Mexico
POPULATION 103,400,165
ROMAN CATHOLIC 88.0 percent
PROTESTANT 5.8 percent
NONRELIGIOUS 4.3 percent
OTHER 1.9 percent
Country Overview
Introduction
The United States of Mexico, located in North America, lies between the United States of America to the north and Guatemala and Belize to the southeast. Mexico is composed of a diversity of ethnic groups. The majority are mestizos (people of mixed Spanish-Indian blood), while the remainder include Amerindians (with 239 living languages), Caucasians, Afro-Americans, Middle Easterners, and Asians.
Spanish explorers arrived in Mesoamerica in the early sixteenth century C.E.. They discovered some of the greatest cultures in the history of the Americas, including the Olmec civilization, which began about 1200 B.C.E., and the Aztec empire, which dominated the central and southern regions of Mexico in the fifteenth and early sixteenth centuries.

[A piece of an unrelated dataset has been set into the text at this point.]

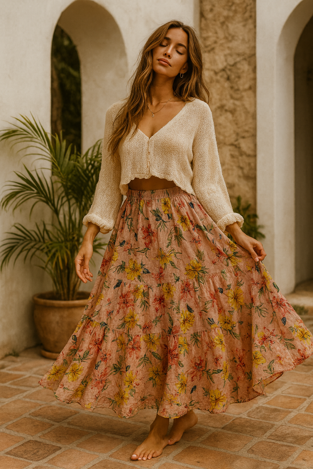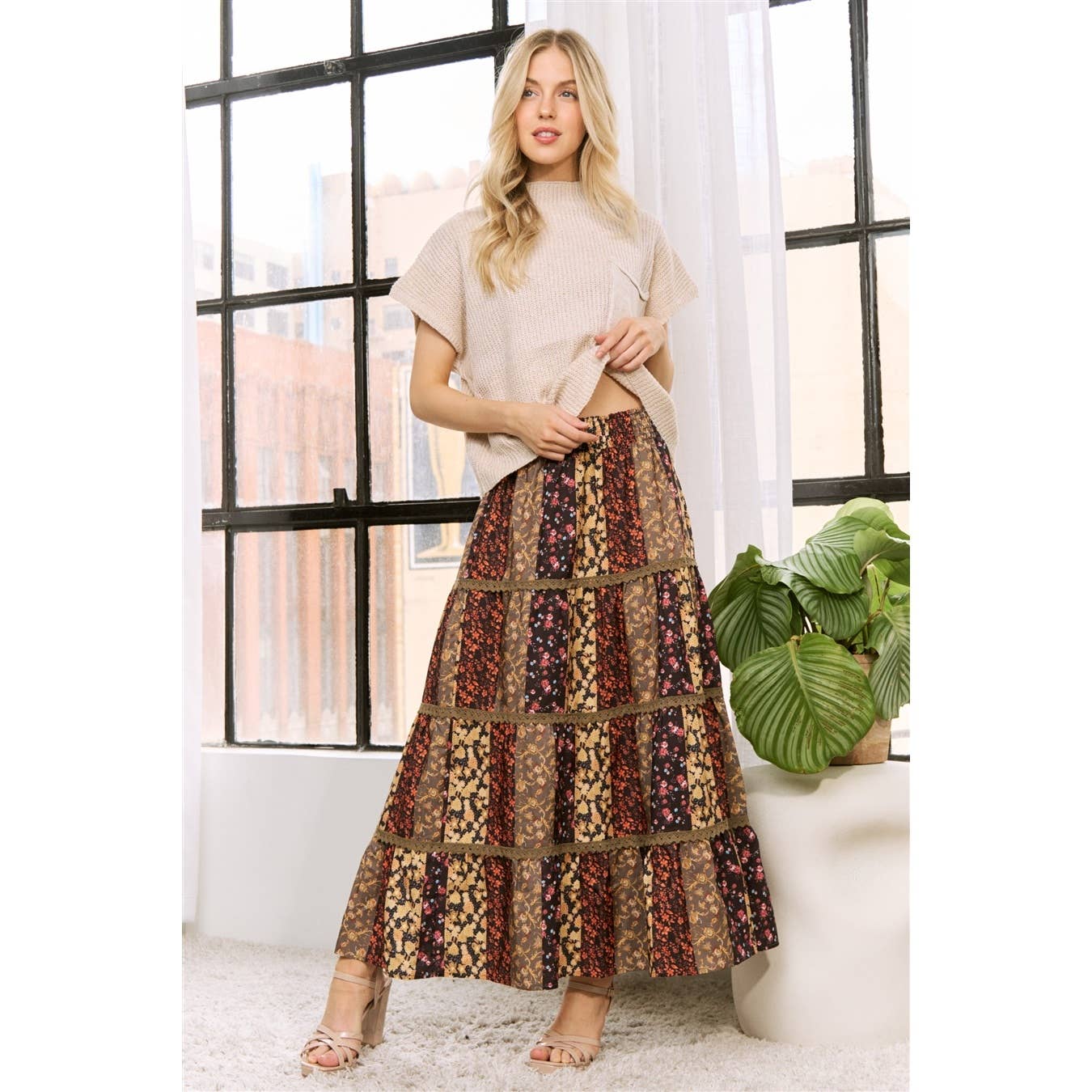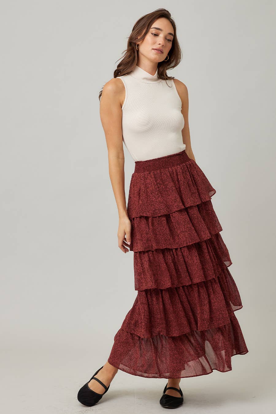 FS5995-P985 Jupe longue à imprimé floral avec niveaux volantés et fermeture à glissière latérale cachée. Doublé. Le mannequin mesure 1,80 m et porte la taille S. Coquille : 98 % polyester, 2 % lurex Doublure : 100 % polyester

Hernán Cortés (1485–1547) and his followers—Spaniards and a thousand allies from Tlaxcala (an Indian nation that had resisted Aztec rule)—conquered the Aztecs in 1519–21 and established Spanish rule in the region. During the colonial period the Roman Catholic Church dominated the religious life of the Viceroyalty of New Spain. A small number of Spanish Jews also arrived in the region during and after the Spanish conquest.
After Mexico achieved independence from Spain in 1821, the Catholic Church began to lose its privileged role in Mexican society, although it continued to monopolize the country's religious life.